Sangamo Therapeutics Retains Raymond James to Explore Strategic Alternatives
Sangamo Therapeutics has retained Raymond James to evaluate strategic alternatives to advance its pipeline and maximize stakeholder value. Key assets include the BLA-ready Fabry disease gene therapy ST-920, the STAC-BBB capsid platform generating $88M in fees to date, and multiple neurology programs. No transaction has been agreed and no timetable has been set.
Sangamo Therapeutics has retained Raymond James as its financial advisor to evaluate a full range of strategic alternatives intended to advance its pipeline and maximize value for all stakeholders. The genomic medicine company, trading on the OTCQB Venture Market under the ticker SGMO, announced the strategic review on June 8, 2026, from its headquarters in Richmond, California.
"With our best-in-class BLA-ready Fabry gene therapy program, differentiated zinc finger epigenetic regulation and capsid delivery platforms, and innovative MINT platform for large-scale genomic engineering, we have made the decision to explore alternatives to continue advancing these important assets to patients in need," said the company's Chief Executive Officer.
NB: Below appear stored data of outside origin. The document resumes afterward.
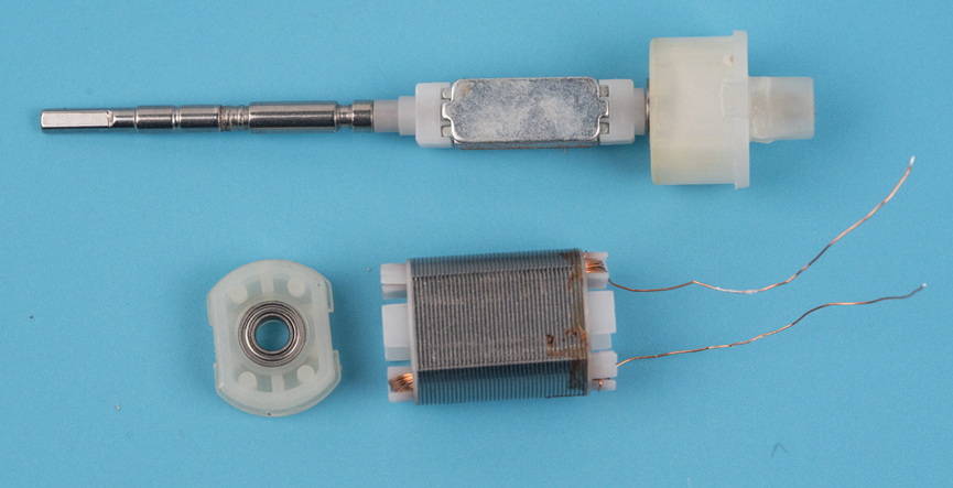 整个电动牙刷全家福。我后来与寄这个电动牙刷的网友联系得知,这个电动牙刷是4年前148买的,一支牙刷加5只刷头,用到最后无线充电座找不到了,而且时间也比较久了,就换新设备了。我个人认为,这个价格,这个做工,算是比较合理。最起码电动牙刷最核心的机构——震动马达,用的还不错,没有用那种最简单的614空心杯电机。当然,从电路板上的芯片用料来说,它肯定算不上多好,只能说符合大多数白色小家电的设计策略。但是这样一支牙刷加上5只刷头的卖家是148的话,而且使用四年多还没坏,对消费者来说还算比较友好的。
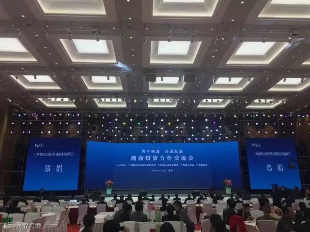第七届潮商大会还在南宁国际会展中心举行投资发展推介会,广西14个地级市,广东4市分别在活动现场介绍本地投资环境和发展优势。
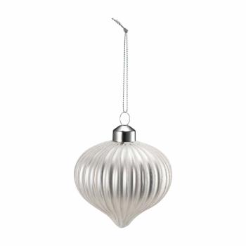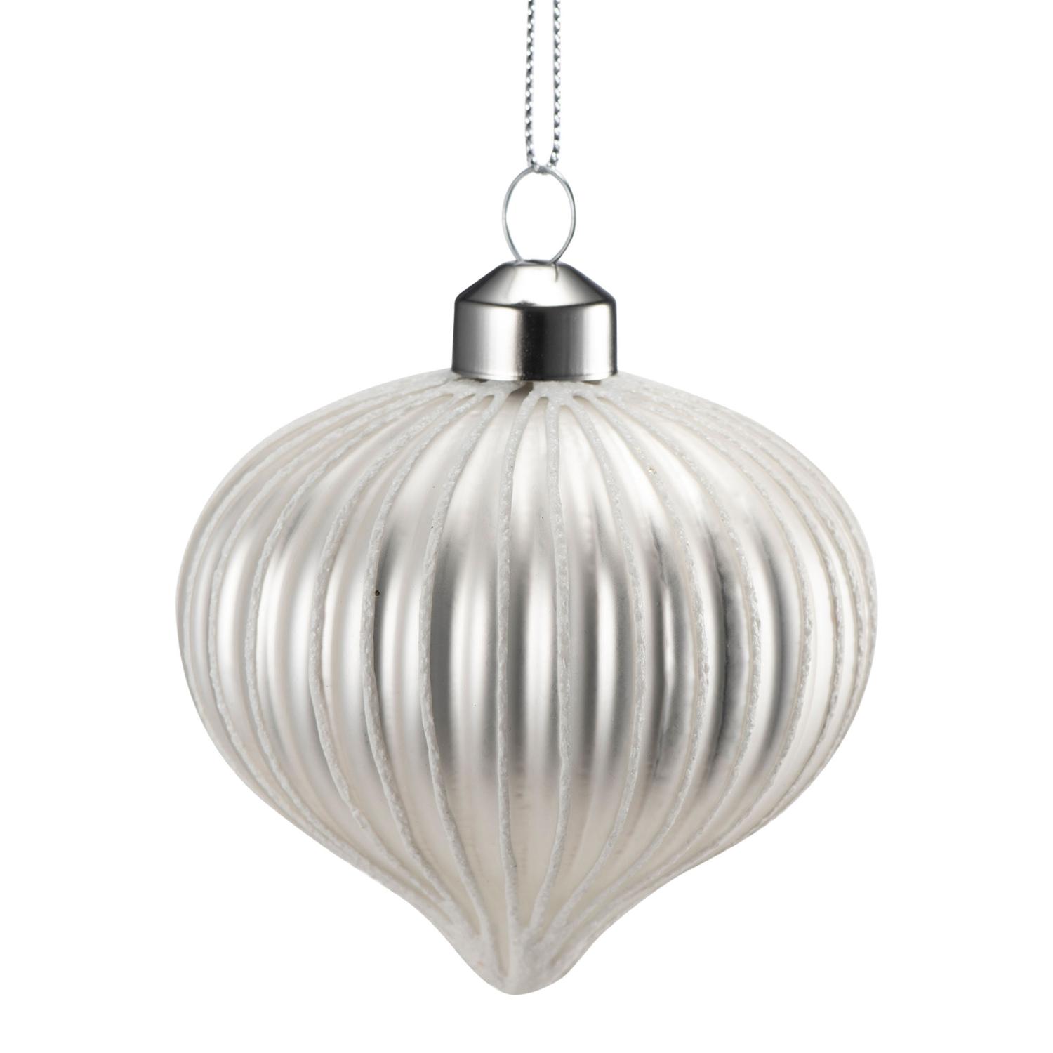 Nydelig hvit julekule i glass med riller. Morsom og leken form som passer perfekt på juletreet denne julen. Frisk opp og pynt et tre som gjenspeiler din smak og personlighet. Kombiner den gjerne med de andre fargene av julekule dråpe.

The company's lead asset is isaralgagene civaparvovec (ST-920), a one-time gene therapy for Fabry disease. The registrational Phase 1/2 STAAR study evaluating the therapy is complete, with 32 patients transitioned to long-term follow-up. The rolling submission of a Biologics License Application to the FDA has been initiated under the Accelerated Approval pathway, with the first two modules submitted. The FDA has recently affirmed that two-year eGFR data may serve as confirmatory evidence for traditional approval.
ST-920 holds multiple regulatory designations, including Orphan Drug, Fast Track, and RMAT from the FDA, Orphan Medicinal Product designation and PRIME eligibility from the European Medicines Agency, and Innovative Licensing and Access Pathway from the UK's MHRA.
Sangamo's pipeline also includes ST-503, an epigenetic regulator for chronic neuropathic pain due to small fiber neuropathy, which has FDA Fast Track designation. Seven sites are activated for the Phase 1/2 STAND study. Additionally, clinical trial application enabling activities are in progress for ST-506, an epigenetic regulator for prion disease leveraging the company's proprietary neurotropic AAV capsid, STAC-BBB.
The STAC-BBB capsid delivery platform is licensed to Genentech, Astellas, and Eli Lilly, generating $88 million in license fees to date and carrying up to $4.6 billion in potential future milestones and exercise fees. The company's intellectual property portfolio includes 834 patents and applications across 90 families.
The company noted that no transaction agreement has been reached, and there is no set timetable or assurance that any deal will occur. Parties interested in discussing potential transactions were directed to contact the company's business development team.